Did anyone else get close captioning
that was ahead of the dialog by nearly
30 seconds? (here around Los Angeles it was).


By Jelby Smith on Saturday, April 15, 2000 - 10:46 pm:

Yes, got closed captioning way before they said it on audio (Dallas, TX). Made one feel almost psychic--the Great Yappi would've loved it.

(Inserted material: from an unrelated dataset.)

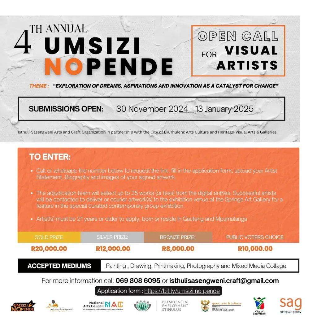 • National Exposure: Selected artworks will be showcased in the Umsizi Nopende National Visual Art Programme.

By Clyde Bruckman on Sunday, April 16, 2000 - 11:37 pm:

Shouldn't that be "The Amazing Yappi"?


By Chris Thomas on Saturday, June 24, 2000 - 9:43 am:

If the Goddess jumped into the usual program, what was happening when they went to level two? What was originally firing at people?
She had already shown she was capable of going up to people and blowing or lopping their heads off, so why stand back and make duplicates of herself just to fire at Mulder and Scully? Why not use the tank she had at her disposal?

Despite the nits, my girlfriend and I enjoyed this, including Scully's "yah yah" remark and Mulder's fake excited "Daniel Masachi!" enthusiasm.


By D. Stuart on Tuesday, May 15, 2001 - 2:50 pm:

They missed such a grand, perfect opportunity to have Esther's cyber-consciousness from the episode "Kill Switch" return and infect this somewhat metaphysical, currently impracticably realistic holographic scenario/arena. As it stands, the episode is mediocre, at least in my opinion. By the way, the actress portraying the female programmer/designer is the same actress who appeared on those nicotine patch commercials.


By Kail on Friday, July 26, 2002 - 5:37 pm:

This has got to be the worst X-File to date. I thought "3" was bad, but this..... I couldn't believe this was an actual episode. Who wrote it, Carter's 13 year old nephew? No wonder Duchovny left after this season. He saw the writing on the wall.


By D. Stuart on Saturday, April 12, 2003 - 1:00 pm:

After catching a few episodes of "The Prisoner," I realized the similarity between this episode and "Living in Harmony" pertaining to the said '60s/Patrick McGoohan cult series are quite evidential. However, it is the episode of "The Prisoner" that makes more logical sense, believe it or not.